TESTS BASED ON DIFFERENCES BETWEEN SPECIES

The statistical methodology to detect selection signatures by comparing information between species relies on the fact that genomic substitutions in coding regions are present in two forms: non-synonymous mutations (dn), which can lead to the replacement of amino acids in the resulting proteins, and synonymous mutations (ds), which do not cause amino acid substitution because of the redundancy of the genetic code (Nielsen, 2005; Biswas and Akey, 2006). The dn/ds ratio provides information about evolutionary forces acting upon a particular gene. For example, at loci under neutrality, the dn/ds ratio will be equal to 1. Genes subject to functional limitations, such that a non-synonymous substitution is detrimental, will tend to be eliminated from the population by negative selection; therefore, dn/ds <1. Conversely, an excess of non-synonymous mutations over synonymous mutations (dn/ds >1) provides evidence for the action of positive selection in favor of non-synonymous substitution, which could provide a comparative advantage at the protein level (Nielsen et al., 2005a). Based on these concepts, several studies have detected selection in many genes and organisms, such as genes related to immune response (Endo et al., 1996; Hughes, 1997; Sawyer et al., 2004), viral receptor genes (Fitch et al., 1997; Nielsen and Yang, 1998; Bush et al., 1999), genes associated with fertility (Swanson et al., 2001, 2003), and genes involved in sensory perception and smell in humans (Gilad et al., 2000).

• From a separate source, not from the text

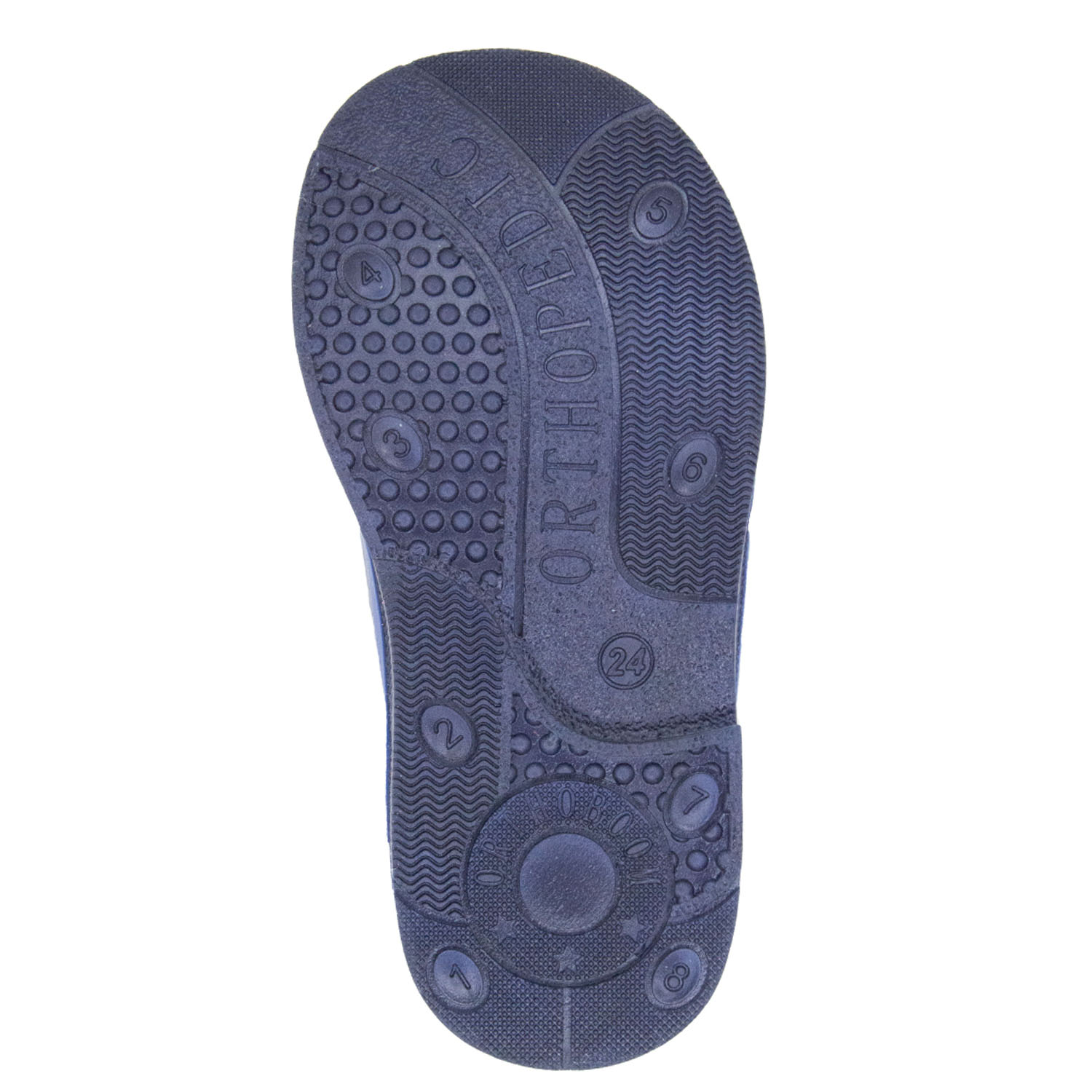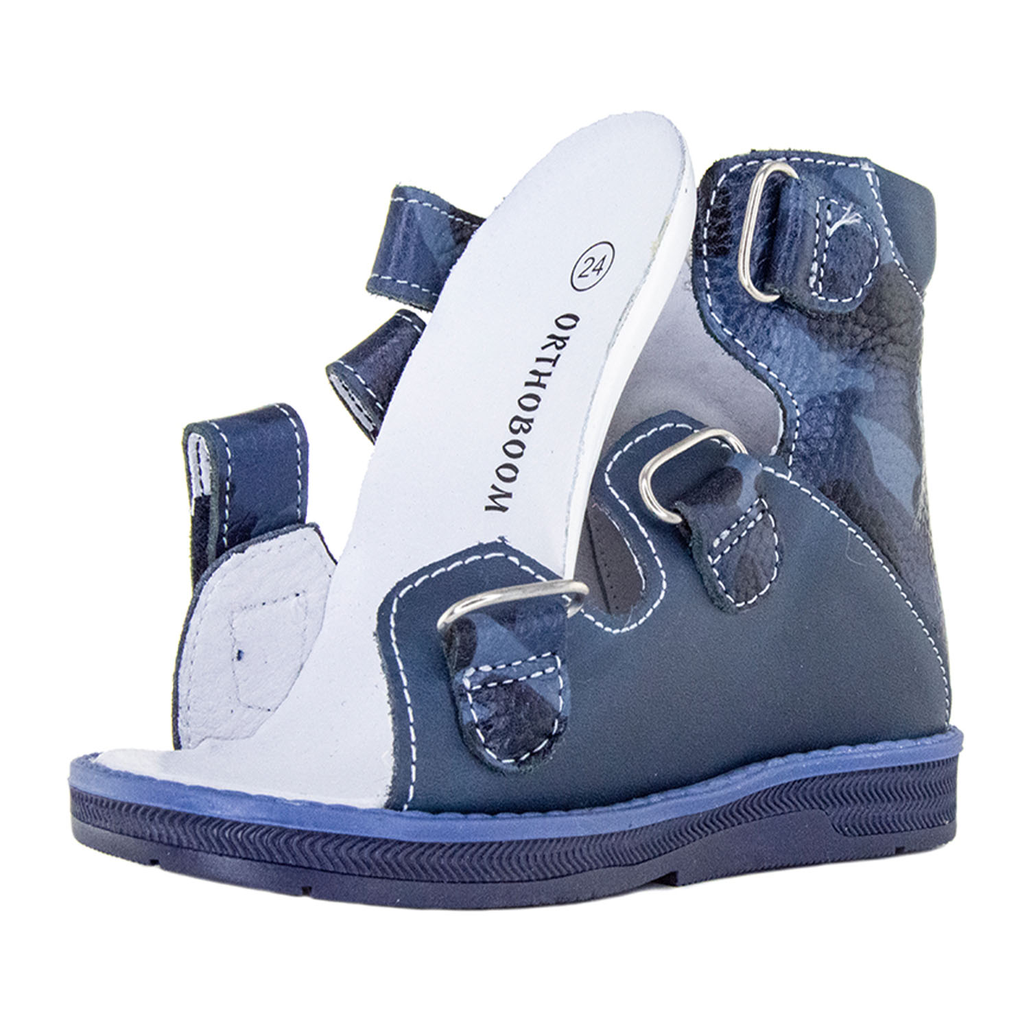 Фирменная съемная стелька Orthoboom. Разработана специально для детской обуви. Имеет наружнюю и внутреннюю выкладку продольного свода для правильного формирования стоп. Углубление под пятку предотвращает заваливание стоп.

TESTS THAT USE INFORMATION WITHIN AND BETWEEN SPECIES

The neutral theory of molecular evolution indicates that genomic regions that evolve rapidly and, thus, have high divergence between species, will also show high levels of polymorphisms within species. The Hudson–Kreitman–Aguade (HKA) test compares the level of polymorphisms within each species and observed divergence between related species for two or more loci. The test can determine if it is likely that the observed difference is due to neutral or adaptive evolution (Hudson et al., 1987). The HKA test is the precursor to the McDonald–Kreitman test (Howe et al., 2013), which compares synonymous (PS) and non-synonymous (PN) mutations at a specific locus that are polymorphic within a species and synonymous (DS) and non-synonymous (DN) mutations that are fixed between species. Under neutrality, the ratios between PN/PS and DN/DS should be the same, while positive selection leads to increased divergence of synonymous substitutions (DN/DS > PN/PS; McDonald and Kreitman, 1991).

GENOMIC RESOURCES IN FISH

In recent decades, the development of DNA markers has greatly contributed to the study of animal genetics. DNA markers allow us to observe and exploit variation across the genome of an individual (Liu and Cordes, 2004; Tier, 2010). In fish, a wide range of DNA markers have been used, including amplified fragment length polymorphisms (AFLP), random amplified polymorphic DNA (RAPD), sequence tagged sites (STS), variable number of tandem repeats (VNTR), microsatellites or simple sequence repeats (SSR), SNP, and expressed sequence tags (EST; Liu, 2007). Currently, with the development of high-throughput sequencing technologies many gigabases of nucleotide sequences can be generated in a short period of time, and many SNP and other polymorphisms can be detected using bioinformatics methods (Liu, 2011). These techniques provide an affordable and reliable scale of DNA sequencing in several organisms (Mardis, 2008). They are extensively used in de novo sequencing, quantification of gene expression by RNA-seq (“RNA sequencing”; Wang et al., 2009), massive identification of SNP markers using RAD-sequencing (“restriction site associated DNA sequencing”; Rowe et al., 2011), and population genomics studies (Hohenlohe et al., 2010; De Wit et al., 2012). Although teleost fish are the largest group of vertebrates (about 27,000 species), they are underrepresented in genome sequencing projects (Spaink et al., 2013). Table shows some of the species that have undergone genome sequencing projects to date. Sequenced genomes available in fish as of 2013. Extracted and modified from Spaink et al. (2013). The terms scaffolds or contigs indicate that the genome of the species has been partially sequenced, and the term chromosome indicates that sequencing has been anchored to the existing physical map of the species.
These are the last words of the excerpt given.